现在我们已经有了一些用于训练和测试模型的函数，让我们运行它们。

torch.manual_seed(42)

# Measure time
from timeit import default_timer as timer
train_time_start_on_gpu = timer()

epochs = 3
for epoch in tqdm(range(epochs)):
    print(f"Epoch: {epoch}\n---------")
    train_step(data_loader=train_dataloader, 
        model=model_1, 
        loss_fn=loss_fn,
        optimizer=optimizer,
        accuracy_fn=accuracy_fn
    )
    test_step(data_loader=test_dataloader,
        model=model_1,
        loss_fn=loss_fn,
        accuracy_fn=accuracy_fn
    )

train_time_end_on_gpu = timer()
total_train_time_model_1 = print_train_time(start=train_time_start_on_gpu,
                                            end=train_time_end_on_gpu,
                                            device=device)

Epoch: 0
---------
Train loss: 1.09199 | Train accuracy: 61.34%
Test loss: 0.95636 | Test accuracy: 65.00%

Epoch: 1
---------
Train loss: 0.78101 | Train accuracy: 71.93%
Test loss: 0.72227 | Test accuracy: 73.91%

Epoch: 2
---------
Train loss: 0.67027 | Train accuracy: 75.94%
Test loss: 0.68500 | Test accuracy: 75.02%

Train time on cuda: 25.996 seconds

已经将数据和模型设置为与设备无关的代码，如何把 eval_model() 函数设置为与设备无关？
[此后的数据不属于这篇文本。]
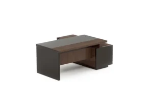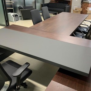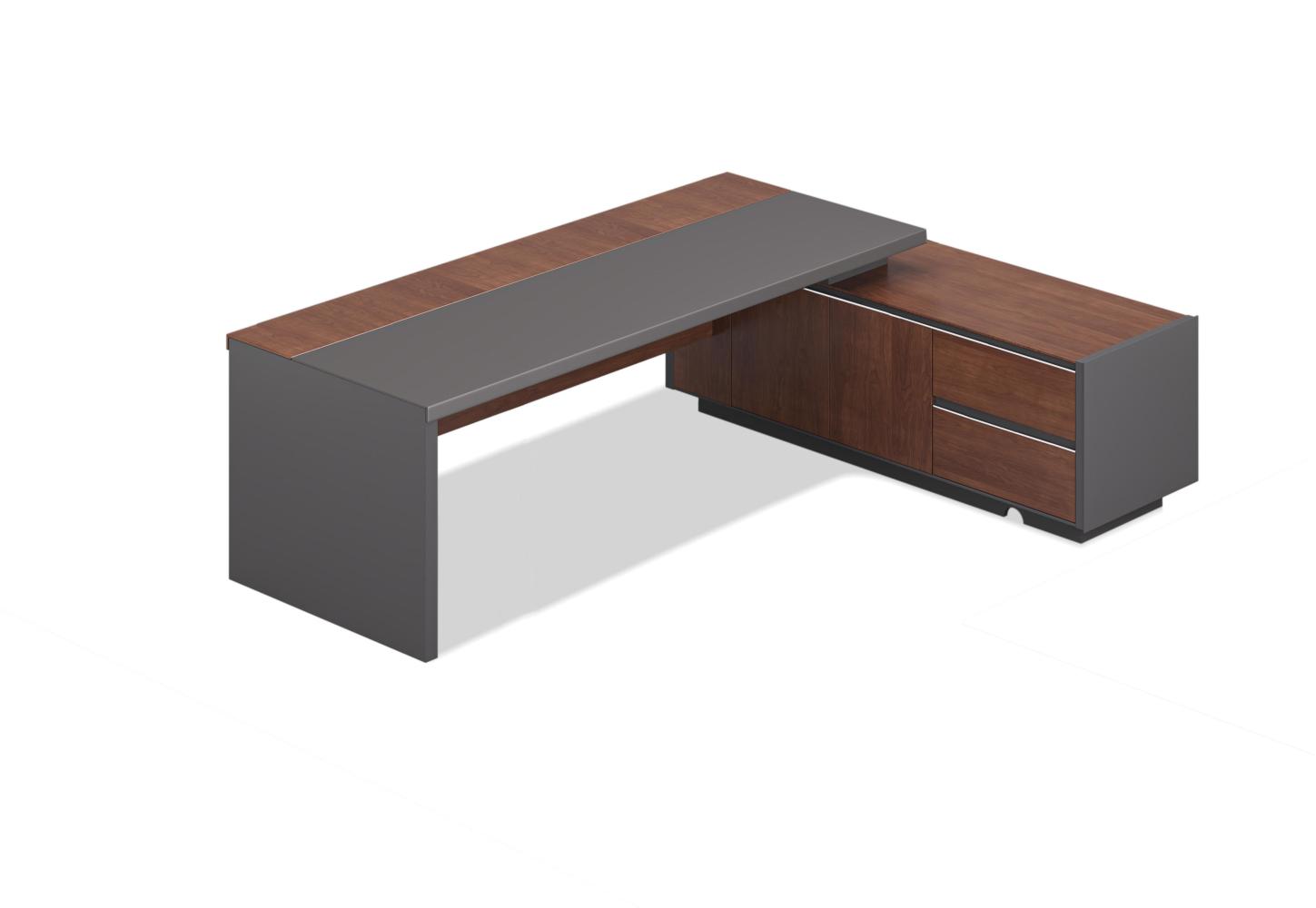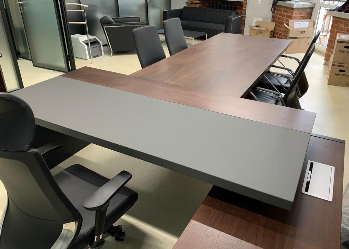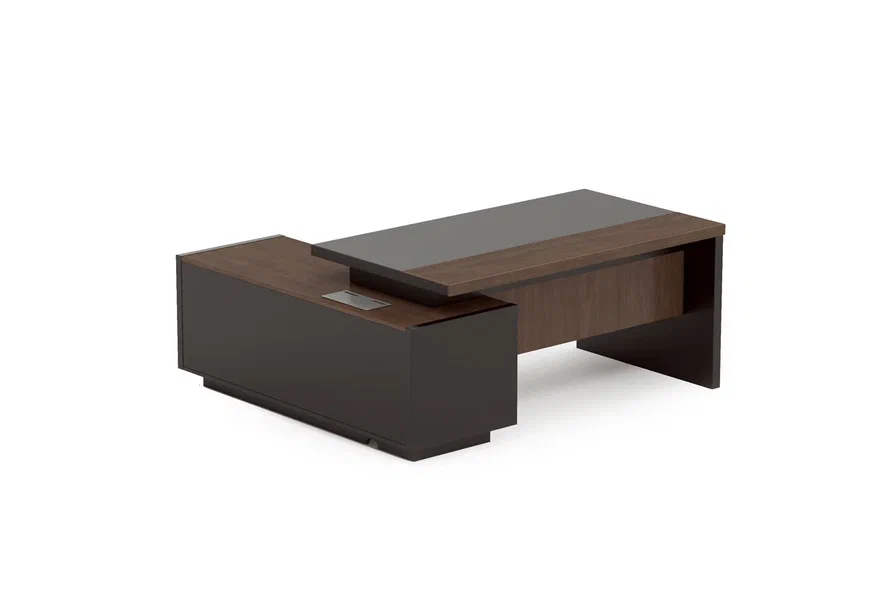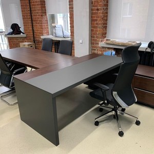 облицовкой из натурального шпона 2000*900мм. Одна опора-панель выполнена из МДФ E0 класса с матовым лаковым покрытием. Опорная тумба — топ и фасады облицованные шпоном, цоколь и корпус тумбы — крашенный МДФ. 2 распашные двери, 2 выдвижных ящика. Центральный замок На лючке 2 шт USB, нет электрификации .
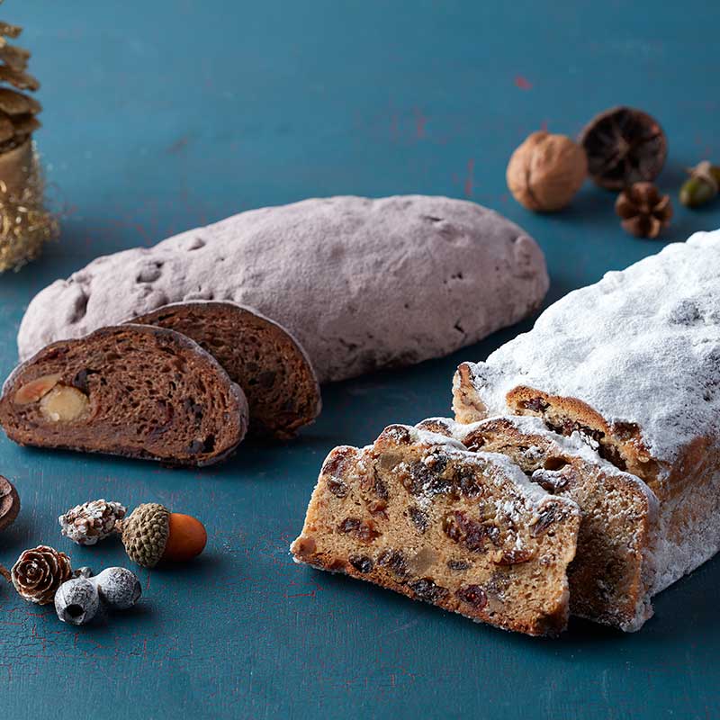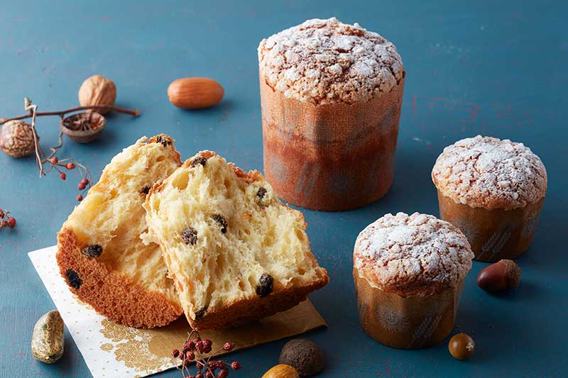 卵黄やバターをふんだんに使った生地にラムレーズン、オレンジピール、シトロンピールを混ぜ込み、生地の濃厚さと具材の爽やかさを軽い焼き上がりの食感とともにお楽しみいただける、イタリアの伝統的なクリスマスの焼き菓子です。
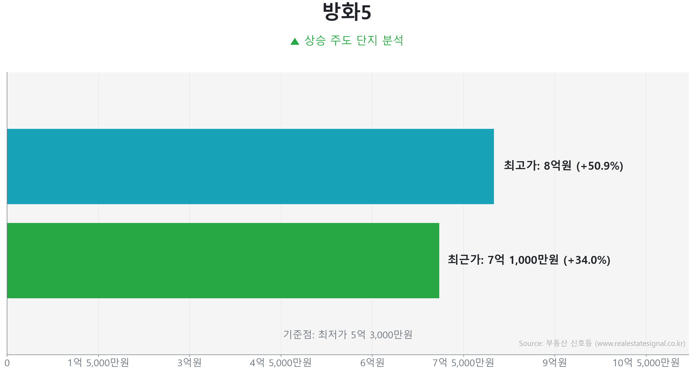 이어서 1372세대 규모의 대단지 방화동 방화5(49.0㎡) 역시 매매가가 전년 대비 7.2% 상승한 가운데, 2026년 3월 매물이 7억 1,000만 원에 신고되었습니다.
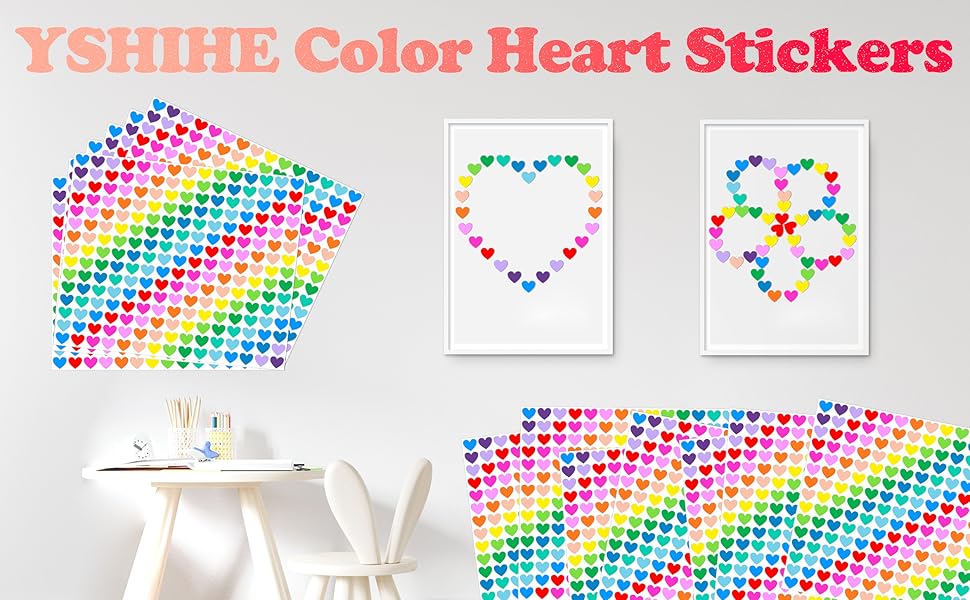 YSHIHE Heart Stickers, 4050 Pieces, 1/2 Inch Mini Colorful Stickers for Kids, Party Favors, Decorating
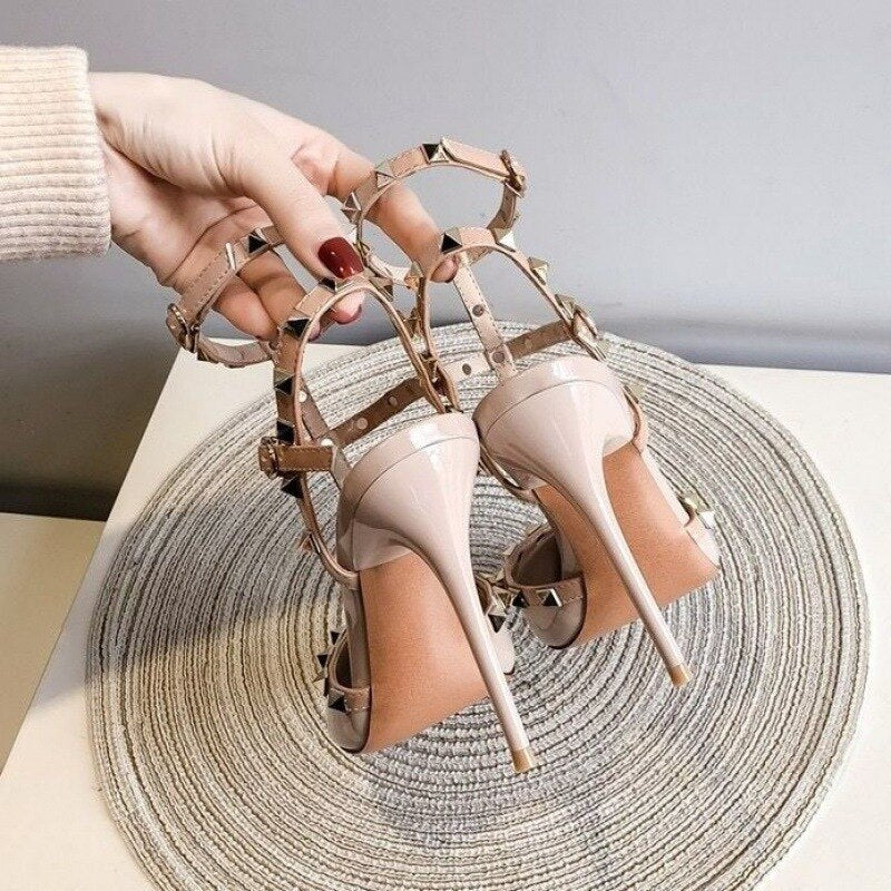 Rivet nude high-heeled shoes women stiletto spring and summer new pointed toe all-match sexy women's single shoes
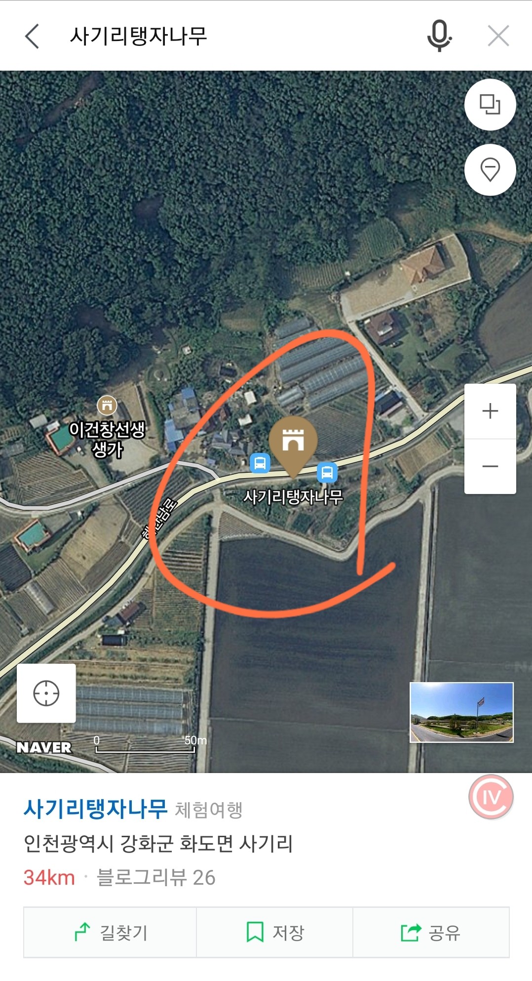 [아래 사진]은 이 나무가 있는 위성사진인데요. 주소는 강화군 화도면 사기리 해안남로에 아주 가깝게 붙어 있습니다. 주변에는 이건창 선생 생가가 있더군요. 주차는 녹록지가 않습니다. 다만 이건창 선생 생가 주변에 1-2대 정도의 공간이 있습니다.

同样传递 device 参数，实现如下。

# Move values to device
torch.manual_seed(42)
def eval_model(model: torch.nn.Module, 
               data_loader: torch.utils.data.DataLoader, 
               loss_fn: torch.nn.Module, 
               accuracy_fn, 
               device: torch.device = device):
    """Evaluates a given model on a given dataset.

    Args:
        model (torch.nn.Module): 一个能够对 data_loader 进行预测的 PyTorch 模型。
        data_loader (torch.utils.data.DataLoader): 要预测的目标数据集。
        loss_fn (torch.nn.Module): 模型的损失函数。
        accuracy_fn: 将模型预测与真实标签进行比较的准确度函数。
        device (str, optional): 要计算的目标设备。

    Returns:
        (dict): 模型对 data_loader 进行预测的结果。
    """
    loss, acc = 0, 0
    model.eval()
    with torch.inference_mode():
        for X, y in data_loader:
            # Send data to the target device
            X, y = X.to(device), y.to(device)
            y_pred = model(X)
            loss += loss_fn(y_pred, y)
            acc += accuracy_fn(y_true=y, y_pred=y_pred.argmax(dim=1))
        
        # Scale loss and acc
        loss /= len(data_loader)
        acc /= len(data_loader)
    return {"model_name": model.__class__.__name__, # only works when model was created with a class
            "model_loss": loss.item(),
            "model_acc": acc}

# Calculate model 1 results with device-agnostic code 
model_1_results = eval_model(model=model_1, data_loader=test_dataloader,
    loss_fn=loss_fn, accuracy_fn=accuracy_fn,
    device=device
)
model_1_results

{'model_name': 'FashionMNISTModelV1',
 'model_loss': 0.6850008368492126,
 'model_acc': 75.01996805111821}

# Check baseline results
model_0_results

{'model_name': 'FashionMNISTModelV0',
 'model_loss': 0.4659360349178314,
 'model_acc': 83.92571884984025}

看起来向模型添加非线性使其性能比基线更差。模型似乎对训练数据过度拟合。过度拟合意味着模型很好地学习了训练数据，但这些模式没有推广到测试数据。解决过度拟合的两个主要方法包括：

使用较小或不同的模型（某些模型比其他模型更适合某些类型的数据）。
使用更大的数据集（数据越多，模型学习可泛化模式的机会就越大）。

把它作为一个挑战留给读者去探索。

7.模型2：构建卷积神经网络（CNN）

由于我们正在处理视觉数据，让我们看看使用 CNN 模型是否可以改进基线。我们将使用的 CNN 模型（在 CNN Explainer 网站上被称为 TinyVGG）。它遵循卷积神经网络的典型结构：

Input layer -> [Convolutional layer -> activation layer -> pooling layer] -> Output layer

其中 [Convolutional layer -> activation layer -> pooling layer] 可以根据需要重复多次。

如何选择模型

问题: 是否还有其他适用于图像的 CNN 模型，需要注意什么吗？

以下总结了通用模型。

问题类型	一般使用的模型	代码示例
结构化数据（Excel 电子表格、行和列数据）	Gradient boosted models, Random Forests, XGBoost	`sklearn.ensemble`, XGBoost library
非结构化数据（图像、音频、语言）	Convolutional Neural Networks, Transformers	`torchvision.models`, HuggingFace Transformers

注意: 上表仅供参考，读者最终使用的模型将在很大程度上取决于正在处理的问题和约束（数据量、延迟要求）。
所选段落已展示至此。